Sue Nolan is a lecturer at Thomas Calton Further Education Community College in Peckham, London. Prior to this, she studied for her MA in Modernism at Goldsmiths College.

Nathanael O'Reilly

Nathanael O'Reilly is Assistant Professor of English at The University of Texas at Tyler. His doctoral dissertation examined representations of suburbia in contemporary Australian fiction. He has published articles on British, Australian, Irish and American literature, and is the co-editor (with Jean-François Vernay) of Fear in Australian Literature and Film, a special issue of Antipodes (June 2009). He is currently editing a collection of essays entitled Postcolonial Issues in Australian Literature, forthcoming from Cambria Press.

Summer Pervez

Summer Pervez obtained a BA and MA from the University of Western Ontario and holds a PhD from the University of Ottawa. She lives near Vancouver, British Columbia and teaches in the English Department at the University of the Fraser Valley where she is a specialist in World Literatures, with an emphasis on South Asian literature. Additional teaching interests and research areas include Middle Eastern and African literatures, contemporary British literature and literary theory and criticism. Her current research projects include a postcolonial study of contemporary literature and film of the British South Asian diaspora and an essay collection on states of violence in South Asian film, fiction and media.

Janine Utell

Janine Utell is Associate Professor of English at Widener University.
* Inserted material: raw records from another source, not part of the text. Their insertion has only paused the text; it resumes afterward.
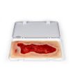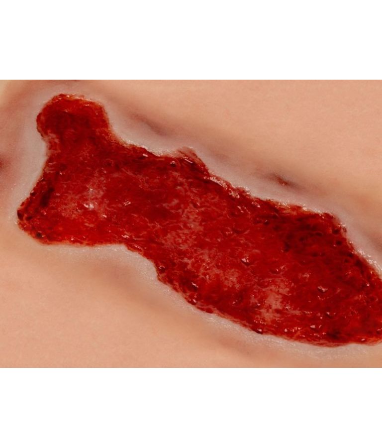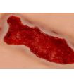 Cette plaie auto-adhésive représente un ulcère veineux de jambe, une lésion tissulaire de la jambe consécutive à une insuffisance veineuse chronique. La phase de granulation illustrée correspond à la forme la plus courante d'ulcère (60 à 80 % des cas) et correspond à la formation du tissu de granulation. À ce stade, il est essentiel d'utiliser un pansement adapté afin de prévenir les troubles de cicatrisation (persistance de la fibrine). Cette grande plaie est idéale pour une application sur la jambe et adhère spontanément. Pour une utilisation prolongée, elle peut être fixée à l'aide d'une colle cutanée spéciale. Tous les matériaux utilisés dans ce produit sont dermatologiquement inoffensifs.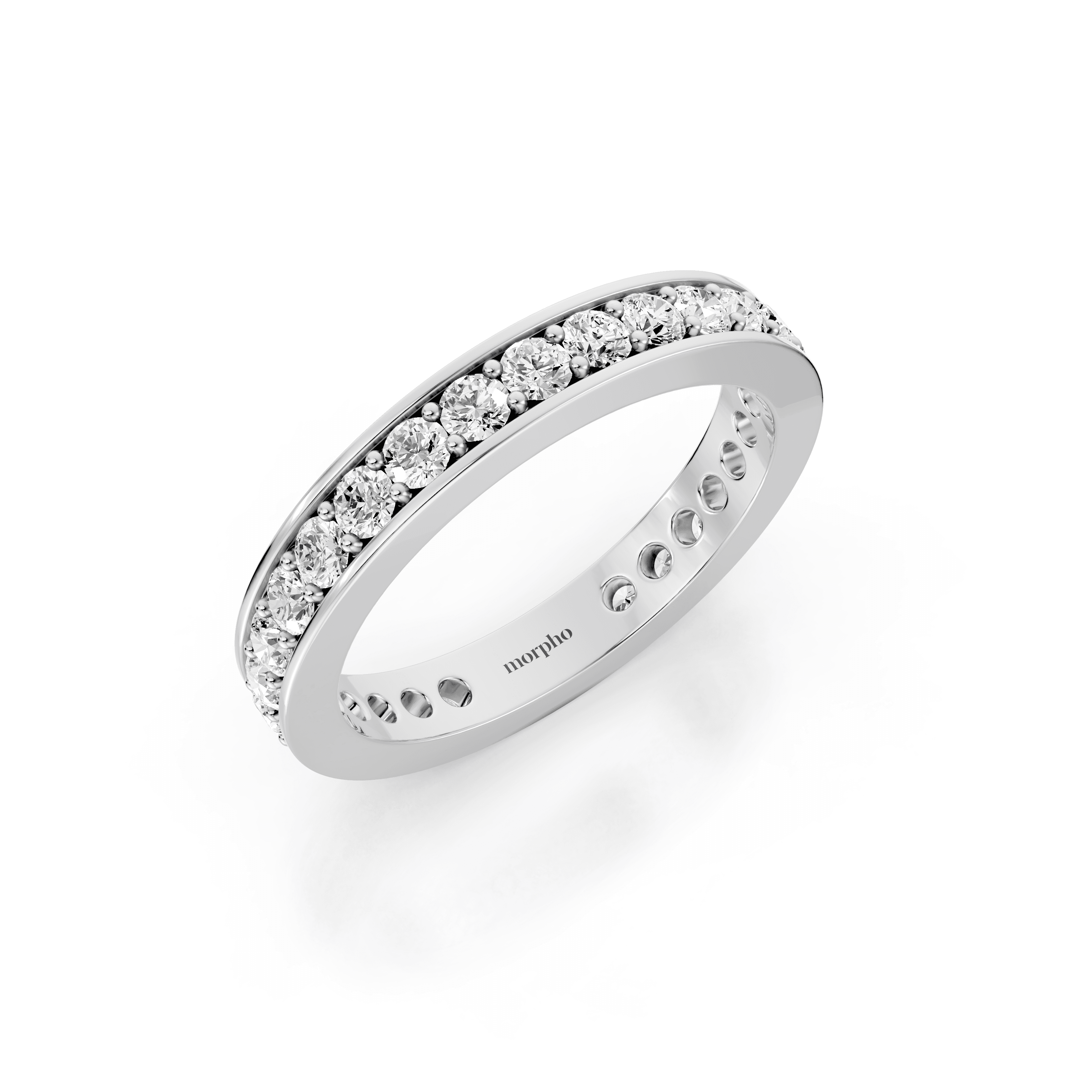 Low-profile pavé diamond band with continuous micro-set round diamonds along the top surface.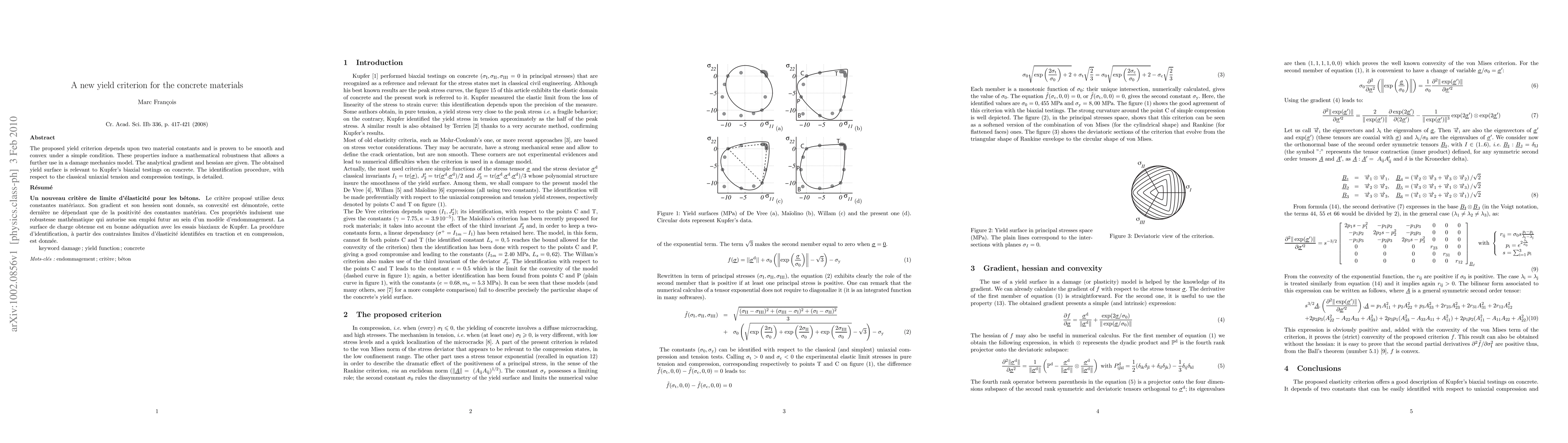 A new yield criterion for concrete materials has been proposed, showing mathematical robustness and relevance to real-world testing conditions, with implications for damage mechanics models.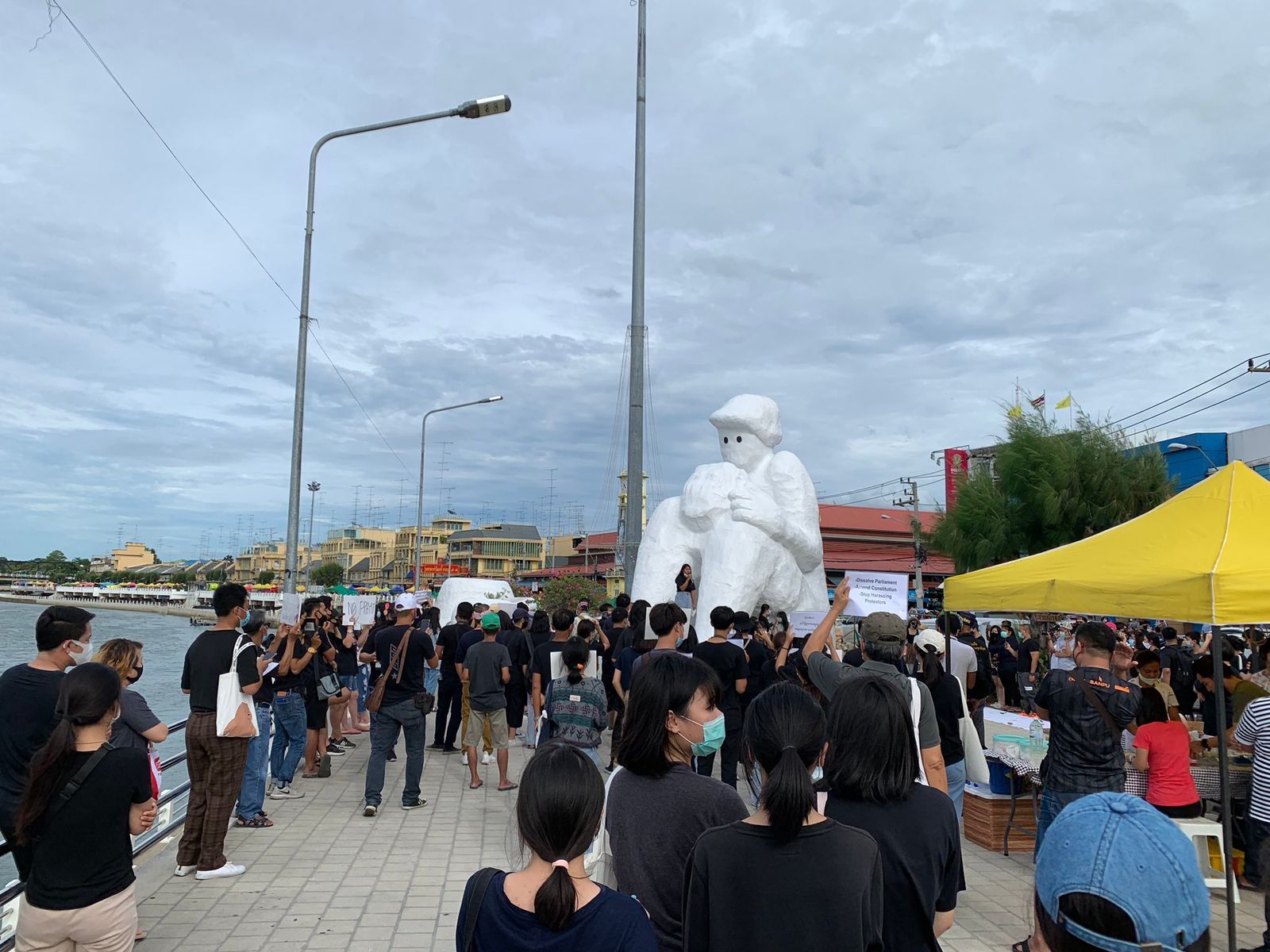 #ราชบุรีขอตีกับ [เผล่ะจัง] ใช้สวมใส่เสื้อสีดำ บริเวณลานกิจกรรม ริมแม่น้ำแม่กลอง เพื่อย้ำ 3 ข้อเรียกร้องของการเคลื่อนไหวเยาวชนปลดแอก

She has published on many aspects of modernist studies in Journal of Modern Literature, The Space Between, College Literature, and James Joyce Quarterly. Her research focuses on the relationship between narrative and erotic life, and the construction of love lives and love stories. James Joyce and the Revolt of Love: Marriage, Adultery, Desire, her first book, is forthcoming from Palgrave Macmillan.